Page 38 of Calculated in Death
She stepped onto the platform, sat on the edge of the huge bed to take off her boots. She kicked them aside.
“Hell with it,” she managed before she crawled on, lay facedown across the bed, and tuned out.
•••
An hour later, Roarke walked in. He’d had a long, rough day of his own, wanted his wife and a large glass of wine, more or less in that order.
The same tableau greeted him.
“The lieutenant’s upstairs,” Summerset began as Galahad—semi-arched now—crept over to sniff at Roarke’s trousers.
“Good.”
“She looked exhausted.”
“Small wonder. What’s this?” He bent to scratch at the cat who continued to sniff.
“Apparently he’s mistrustful you’ve been loyal, as he smelled another cat on the lieutenant.”
“Ah. Well, I haven’t had time for cats today.” As Roarke stripped off his topcoat, Summerset held out a hand for it. “Thanks. Let’s go up then,” he said to the cat. “I’m sure she’ll make it up to you.”
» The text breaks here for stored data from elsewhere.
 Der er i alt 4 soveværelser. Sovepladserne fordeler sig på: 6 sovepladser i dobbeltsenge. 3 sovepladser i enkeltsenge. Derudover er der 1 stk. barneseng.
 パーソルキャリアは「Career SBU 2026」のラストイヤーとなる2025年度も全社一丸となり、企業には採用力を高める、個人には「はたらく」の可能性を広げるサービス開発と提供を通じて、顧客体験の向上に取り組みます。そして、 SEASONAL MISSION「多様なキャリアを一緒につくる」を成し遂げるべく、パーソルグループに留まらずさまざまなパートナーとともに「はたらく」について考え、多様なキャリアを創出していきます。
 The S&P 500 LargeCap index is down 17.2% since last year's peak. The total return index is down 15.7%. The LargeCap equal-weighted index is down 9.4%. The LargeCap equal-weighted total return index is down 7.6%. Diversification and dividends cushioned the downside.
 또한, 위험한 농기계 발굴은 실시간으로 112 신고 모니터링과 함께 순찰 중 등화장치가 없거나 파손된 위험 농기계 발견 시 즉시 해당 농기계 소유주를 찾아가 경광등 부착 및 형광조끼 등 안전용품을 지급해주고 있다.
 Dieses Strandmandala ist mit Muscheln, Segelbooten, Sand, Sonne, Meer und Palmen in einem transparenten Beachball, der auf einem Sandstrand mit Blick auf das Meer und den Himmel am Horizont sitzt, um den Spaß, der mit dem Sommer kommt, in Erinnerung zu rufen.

He started up, the cat strolling behind him.
If she’d gone to her office, he’d pour some wine into both of them, Roarke determined. And talk her into a short lie-down. He could use one himself. But he wanted out of the bloody suit first.
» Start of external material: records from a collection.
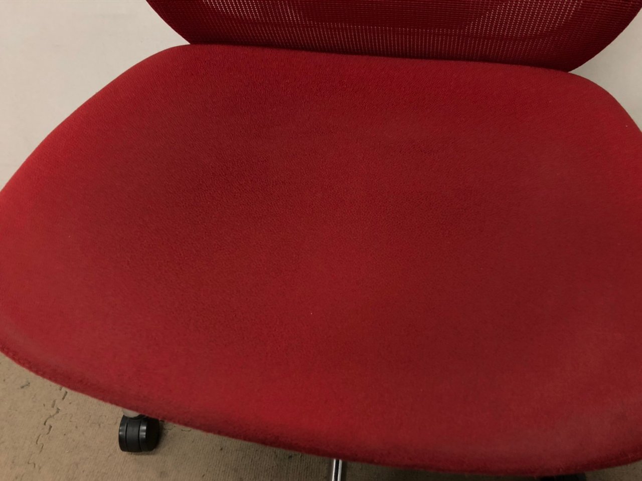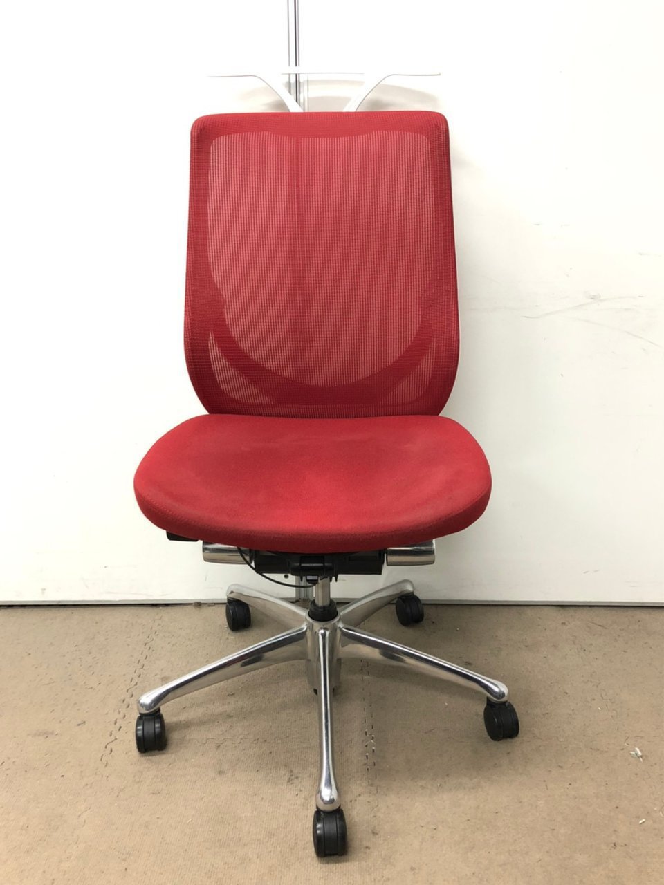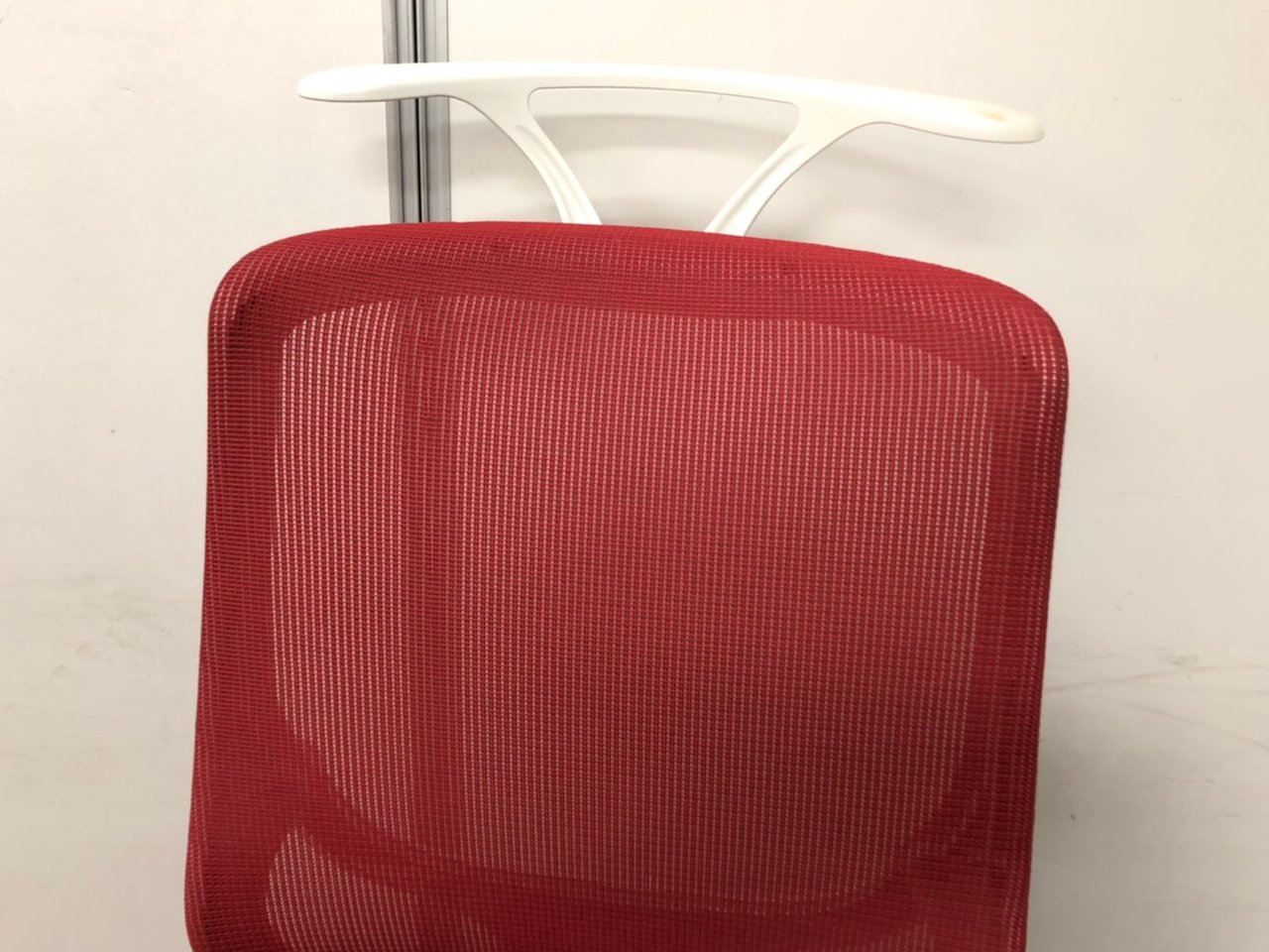 オカムラ製 ゼファーチェア 肘無しハイバックチェア コートハンガー付き 赤(レッド)色 ホワイトシェル おしゃれ レア 高級チェア ※背面に小さな破れが御座います。サーキュラーバリューCO2削減量の算出について
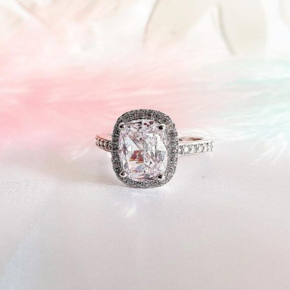 2CT Cushion Cut 3D Halo Flat Top Engagement Ring
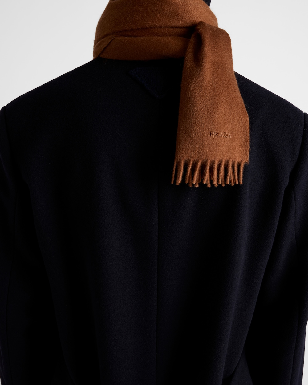カシミヤの柔らかさと上品な印象が洗練されたデザインを引き立てるスカーフ。両端にクラシックなフリンジをあしらっています。同色のレタリングロゴを刺繍したエレガントなアイテム。

And he found her, still facedown across the bed.
“That works.”
He took off the suit, changed into loose pants and a long-sleeved T-shirt. Wine could wait, he decided, and slid onto the bed beside Eve. She stirred a little when he wrapped an arm around her, muttered something that sounded like numbers, then settled again.
The cat took a running leap, bounced on the bed beside Roarke’s hip. With his wife curled to his front, the cat to his back, Roarke, in turn, tuned out.
Dreams took her through the day, in their own strange way, into white landscapes, onto frigid sidewalks, through empty offices where weeping echoed and echoed.
She stood in the Dickenson penthouse, hands on hips.
“It’s not here,” she said to Galahad, who ignored her. “Nobody asked you to come, but I’m telling you it’s not here. Nothing’s here but grief. Here’s clear.”
She stepped out of the door and into the apartment still under construction. “Just a little blood, but they shouldn’t have missed it. Sloppy, sloppy. Leave her on the doorstep? Was that a statement, and if so, for who?”
For Whitestone? But he shouldn’t have found the body. An early morning passerby, maybe, more likely one of the construction crew.
And she couldn’t see a link between her vic and anyone on that crew.
She turned a circle, saw the framed photographs of the victim’s kids, the husband. Happier days.
“Family meant everything.” Daniel Yung sat on the comfortable sofa, his hands neatly folded in his lap. “She’d have done, given, said anything to protect them.”
“Yeah, she’d have thought of them after the snatch, of getting home to them. Of the kids, especially. That’s what mothers do, right?”
She smelled her own, saw Stella sneering from the doorway. “She’d have thought about herself, like everybody. She hated being stuck in this place with a sniveling kid. Just like me. She’s no better than me.”
Eve studied her a moment, the bitter eyes, the sneering mouth, the bloody throat slit by McQueen’s blade. And felt little but mild annoyance.
“Fuck off. I don’t have time for you. Everything’s not about you.”
“You think she thought of a couple brats, or the asshole who stuck them in her?”